% Generated by roxygen2: do not edit by hand
% Please edit documentation in R/pack.R
\name{pack}
\alias{pack}
\title{Pack a data.frame of tokens}
\usage{
pack(tbl, pull = "token", n = 1L, sep = "-", .collapse = " ")
}
\arguments{
\item{tbl}{A data.frame of tokens.}

\item{pull}{<\code{\link[rlang:args_data_masking]{data-masked}}>
Column to be packed into text or ngrams body.
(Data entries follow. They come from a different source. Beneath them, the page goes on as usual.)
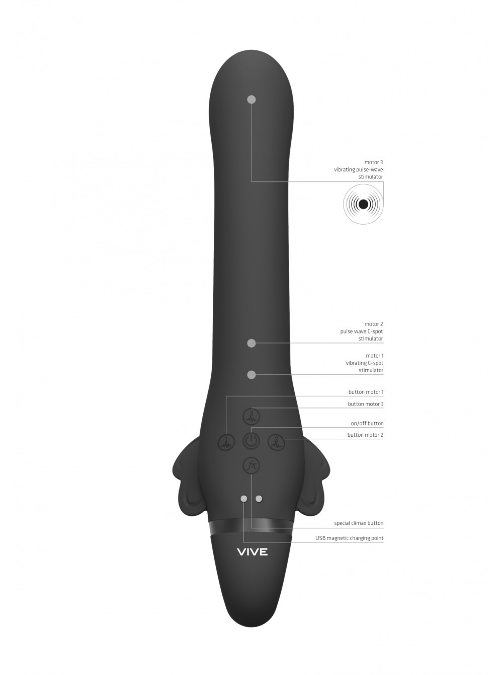 Изготовлено изделие из шелковистого медицинского (гипоаллергенного) силикона и как большинство моделей линейки VIVE имеет кнопку мгновенного оргазма, запуская все моторы на максимум одним касанием.
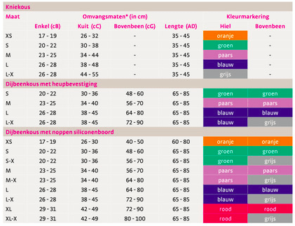 - Farbcodiertes Größensystem zur schnellen und einfachen Auswahl der Strumpfgröße
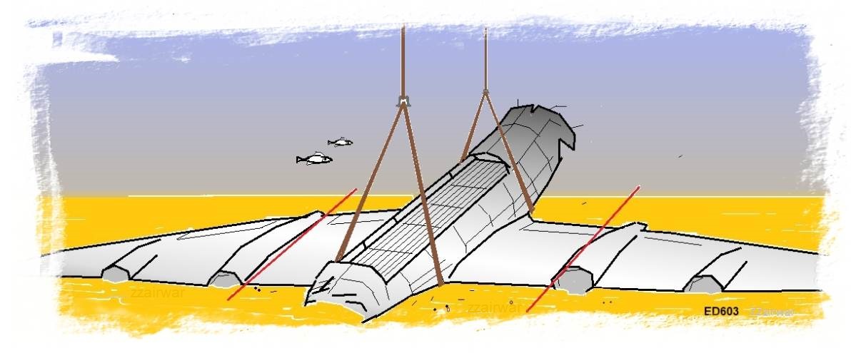 Artist impression of the wreck today, if it were hoisted-up in a future recovery. The red lines on the inside of the inner engine nacelles can be positions to cut through and disassemble the wings. Image thanks to PATS.

Default value is \code{token}.}

\item{n}{Integer internally passed to ngrams tokenizer function
created of \code{audubon::ngram_tokenizer()}}

\item{sep}{Character scalar internally used as the concatenator of ngrams.}

\item{.collapse}{This argument is passed to \code{stringi::stri_c()}.}
}
\value{
A tibble.
}
\description{
Packs a data.frame of tokens into a new data.frame of corpus,
which is compatible with the Text Interchange Formats.
}
\section{Text Interchange Formats (TIF)}{


The Text Interchange Formats (TIF) is a set of standards
that allows R text analysis packages to target defined inputs and outputs
for corpora, tokens, and document-term matrices.
}

\section{Valid data.frame of tokens}{


The data.frame of tokens here is a data.frame object
compatible with the TIF.

A TIF valid data.frame of tokens are expected to have one unique key column (named \code{doc_id})
of each text and several feature columns of each tokens.
The feature columns must contain at least \code{token} itself.
}

\examples{
\dontrun{
df <- tokenize(
  data.frame(
    doc_id = seq_along(ginga[5:8]),
    text = ginga[5:8]
  )
)
pack(df)
}
}
\seealso{
\url{https://github.com/ropenscilabs/tif}
}